┌─ Provided material

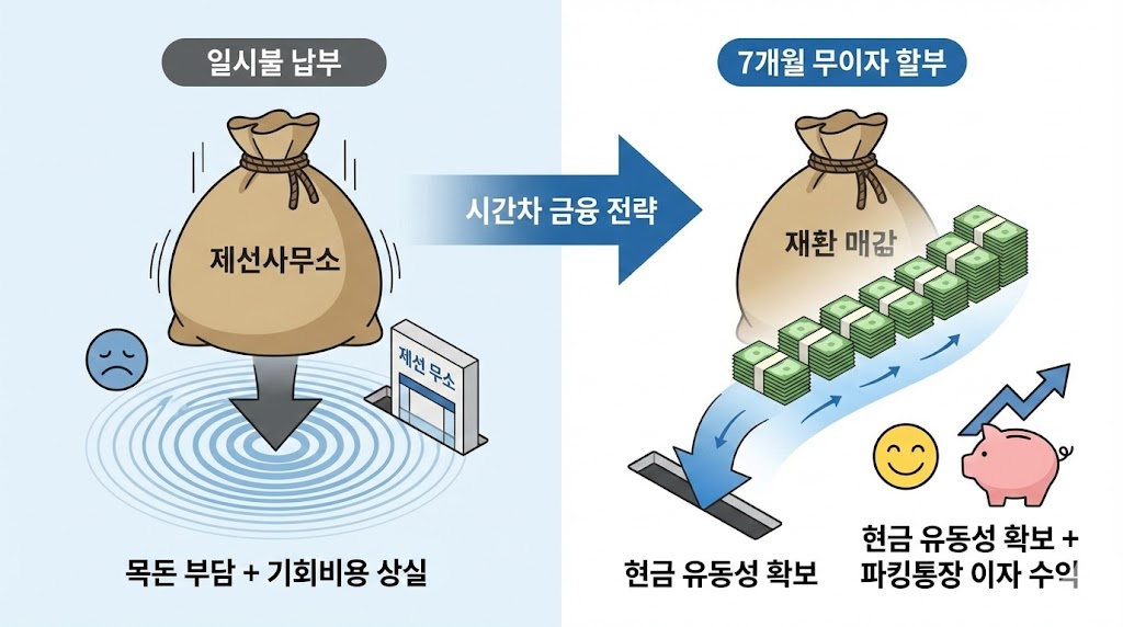 아래 이미지는 재산세를 일시불로 납부했을 때의 목돈 부담과 기회비용 상실을, 7개월 무이자 할부를 활용했을 때의 현금 유동성 확보 및 이자 수익 창출 효과와 직관적으로 비교한 인포그래픽입니다. '시간차 금융 전략'이라는 핵심 메시지를 시각화하여, 할부가 단순한 납부 유예가 아닌 재테크 수단임을 강조합니다.
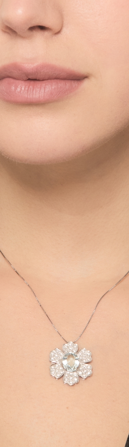 18K Weißgold Blumenkette mit Aquamarin und Diamanten
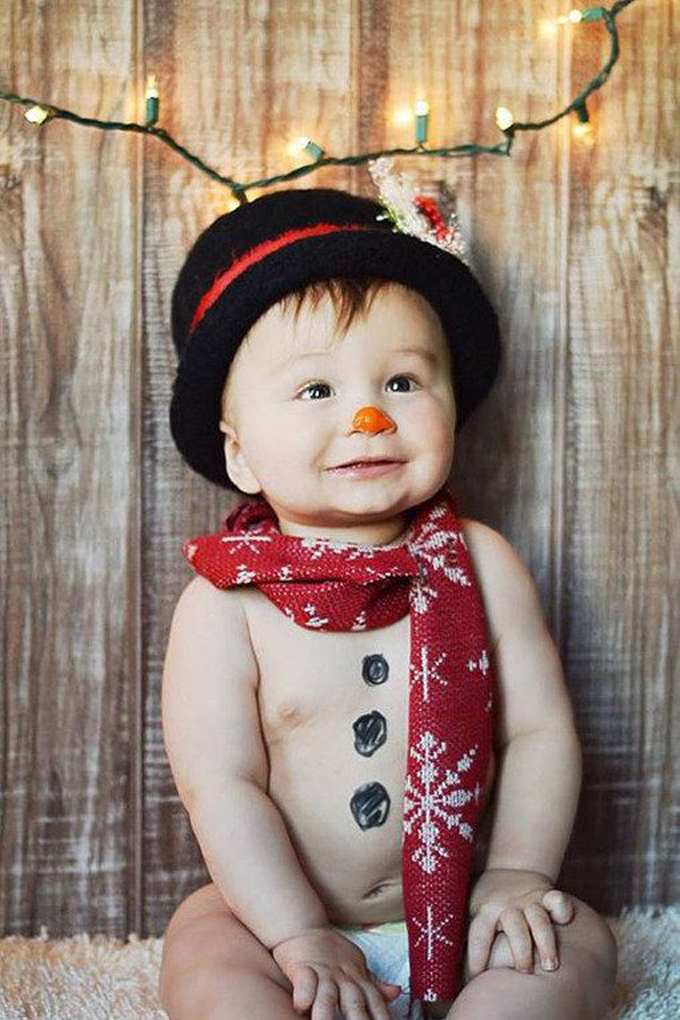 Un gorrito, una bufanda y un poquito de pintura naranja para la nariz será todo lo que necesites.
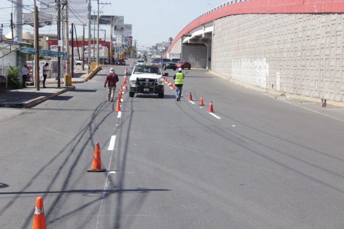 Ciudad Juárez, Chih .- Estos trabajos, que son parte de la Cruzada por la Mejora Vial, otorgarán mayores beneficios al conducir sobre las avenidas de la ciudad, toda vez que, los guiadores podrán distinguir de una mejor manera los carriles en las vialidades de la localidad.
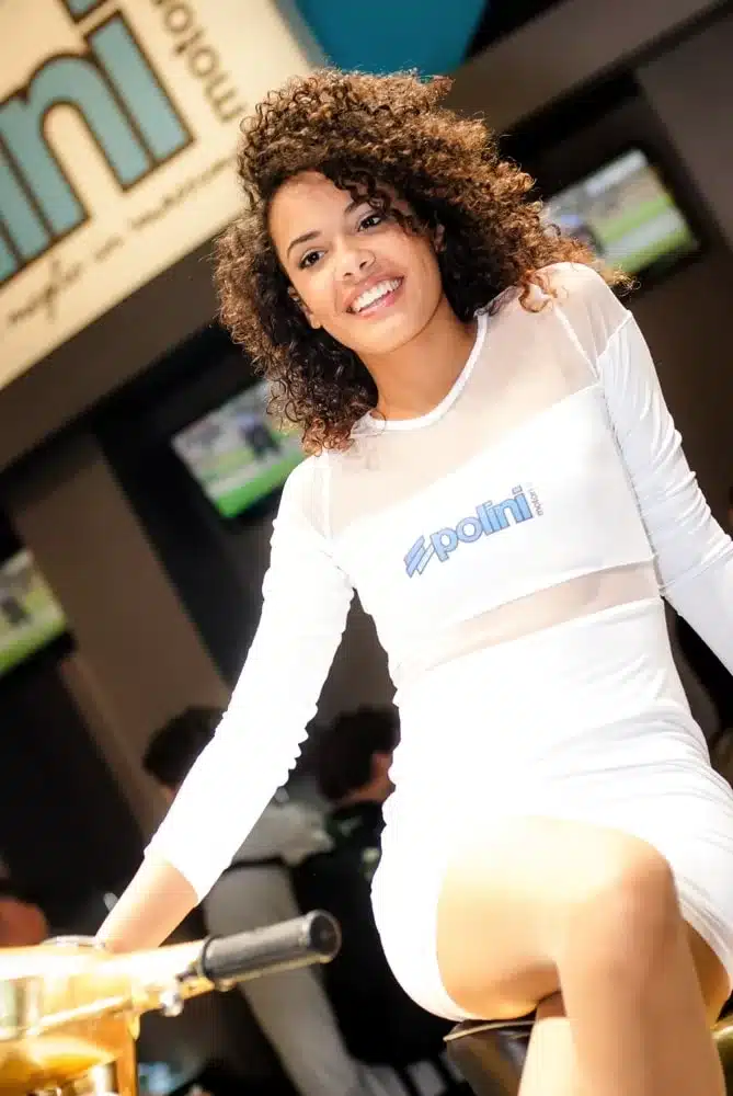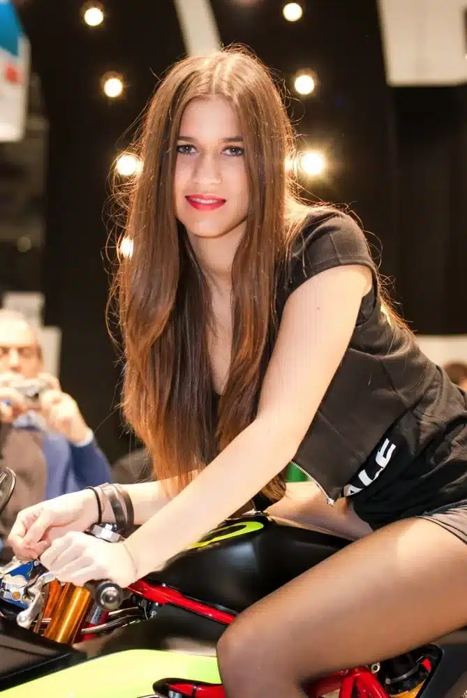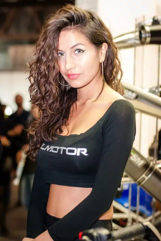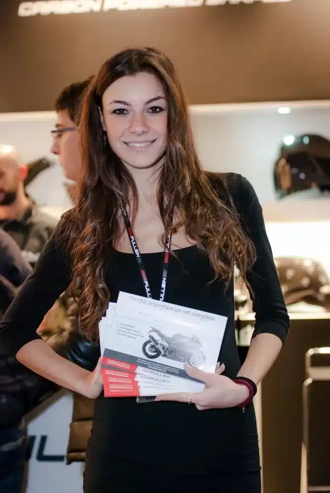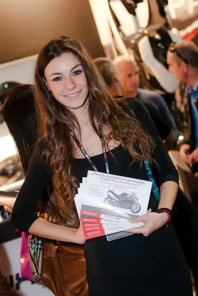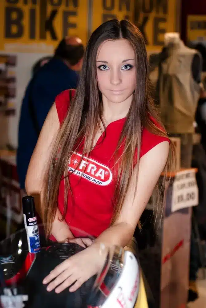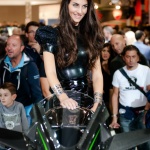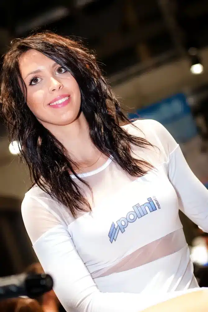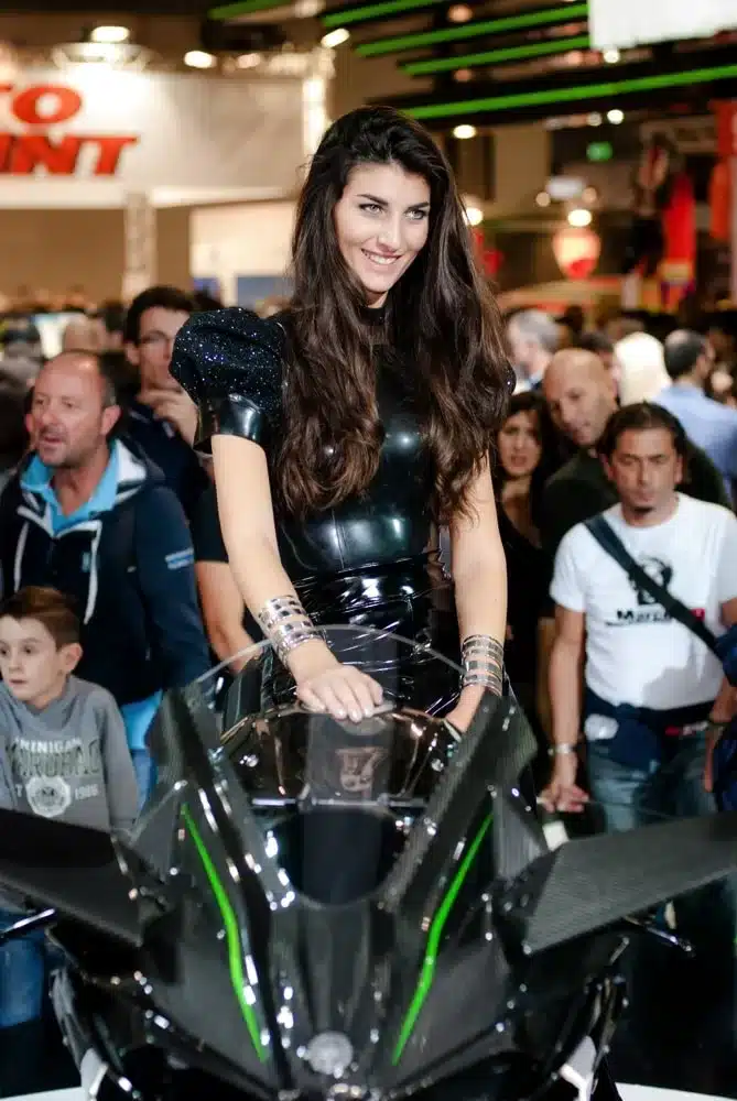 Terzo: dice che si possono conoscere tante belle ragazze. Ma quando mai? Io sono 10 anni che frequento EICMA da addetto ai lavori e, anche per questo motivo, ho avuto la fortuna – se di fortuna si può parlare – di poter interagire con alcune di queste fantomatiche “stand girls”. Ebbene, fatemi sfatare il mito: queste povere criste, fidatevi, vi sorridono solo perché sono pagate. Vi guardano solo perché sono pagate. Fanno foto con voi, indovinate un po’, solo perché sono pagate. Se anche solo lontanamente pensate che una valchiria di origini lettoni possa bramare l’accoppiamento con un soggetto che come minimo è lungo la metà di lei e che, come massima romantica, sa sgrufolare soltanto un: “aho, compà, fammi la foto con la strappona”, beh, siete un filo fuori strada (e forse avete visto troppi film con Ron Jeremy). La verità è che stare sotto dei faretti a 50 gradi per un’intera giornata è stressante, stare in sella a una moto che gira su una pedana per un’intera giornata è stressante, dare retta a persone che ti trattano con il fare del selezionatore di bestiame è stressante (e pure un po’ svalutante). Perciò, invece di sperare in amori interraziali nati sotto l’onda di vetro progettata da Renzo Piano, oppure in flirt tutto-sesso consumati tra un padiglione e l’altro, datemi retta, fate come il nostro Marcello Fierro, bravissimo autore della gallery qui sotto: limitatevi a sognare e ad ammirarle, è molto, ma molto meglio.
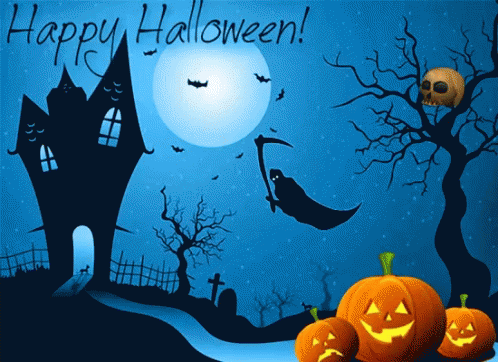 A spooky Halloween graphic featuring a haunted house, grim reaper, bats, and glowing pumpkins under a full moon.
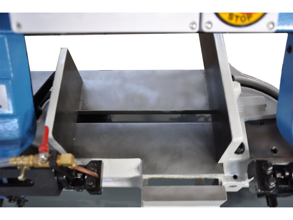 Для повышения эффективности работы станка установлен СОЖ. СОЖ – это смазочно-охлаждающая жидкость, которая отвечает за охлаждение полотна, что помогает избежать перегрева и соответственно растяжения и убывания его со шкивов, увеличивает срок службы полотна, поскольку при нагреве повышенная температура негативно влияет на твердость зубов полотна и ускоренного их затупления. Охлаждение позволяет работать при более высоких скоростях полотна без его перегрева, что улучшает производительность и эффективность резки.
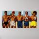 Poster com uma ilustração vintage dos anos 50 de homens em maiôs na praia. Legal!

└─

> _What you need to do_: The records above must be retyped exactly. Please omit the pictures.

> _Answer space_:
 아래 이미지는 재산세를 일시불로 납부했을 때의 목돈 부담과 기회비용 상실을, 7개월 무이자 할부를 활용했을 때의 현금 유동성 확보 및 이자 수익 창출 효과와 직관적으로 비교한 인포그래픽입니다. '시간차 금융 전략'이라는 핵심 메시지를 시각화하여, 할부가 단순한 납부 유예가 아닌 재테크 수단임을 강조합니다.
 18K Weißgold Blumenkette mit Aquamarin und Diamanten
 Un gorrito, una bufanda y un poquito de pintura naranja para la nariz será todo lo que necesites.
 Ciudad Juárez, Chih .- Estos trabajos, que son parte de la Cruzada por la Mejora Vial, otorgarán mayores beneficios al conducir sobre las avenidas de la ciudad, toda vez que, los guiadores podrán distinguir de una mejor manera los carriles en las vialidades de la localidad.
 Terzo: dice che si possono conoscere tante belle ragazze. Ma quando mai? Io sono 10 anni che frequento EICMA da addetto ai lavori e, anche per questo motivo, ho avuto la fortuna – se di fortuna si può parlare – di poter interagire con alcune di queste fantomatiche “stand girls”. Ebbene, fatemi sfatare il mito: queste povere criste, fidatevi, vi sorridono solo perché sono pagate. Vi guardano solo perché sono pagate. Fanno foto con voi, indovinate un po’, solo perché sono pagate. Se anche solo lontanamente pensate che una valchiria di origini lettoni possa bramare l’accoppiamento con un soggetto che come minimo è lungo la metà di lei e che, come massima romantica, sa sgrufolare soltanto un: “aho, compà, fammi la foto con la strappona”, beh, siete un filo fuori strada (e forse avete visto troppi film con Ron Jeremy). La verità è che stare sotto dei faretti a 50 gradi per un’intera giornata è stressante, stare in sella a una moto che gira su una pedana per un’intera giornata è stressante, dare retta a persone che ti trattano con il fare del selezionatore di bestiame è stressante (e pure un po’ svalutante). Perciò, invece di sperare in amori interraziali nati sotto l’onda di vetro progettata da Renzo Piano, oppure in flirt tutto-sesso consumati tra un padiglione e l’altro, datemi retta, fate come il nostro Marcello Fierro, bravissimo autore della gallery qui sotto: limitatevi a sognare e ad ammirarle, è molto, ma molto meglio.
 A spooky Halloween graphic featuring a haunted house, grim reaper, bats, and glowing pumpkins under a full moon.
 Для повышения эффективности работы станка установлен СОЖ. СОЖ – это смазочно-охлаждающая жидкость, которая отвечает за охлаждение полотна, что помогает избежать перегрева и соответственно растяжения и убывания его со шкивов, увеличивает срок службы полотна, поскольку при нагреве повышенная температура негативно влияет на твердость зубов полотна и ускоренного их затупления. Охлаждение позволяет работать при более высоких скоростях полотна без его перегрева, что улучшает производительность и эффективность резки.
 Poster com uma ilustração vintage dos anos 50 de homens em maiôs na praia. Legal!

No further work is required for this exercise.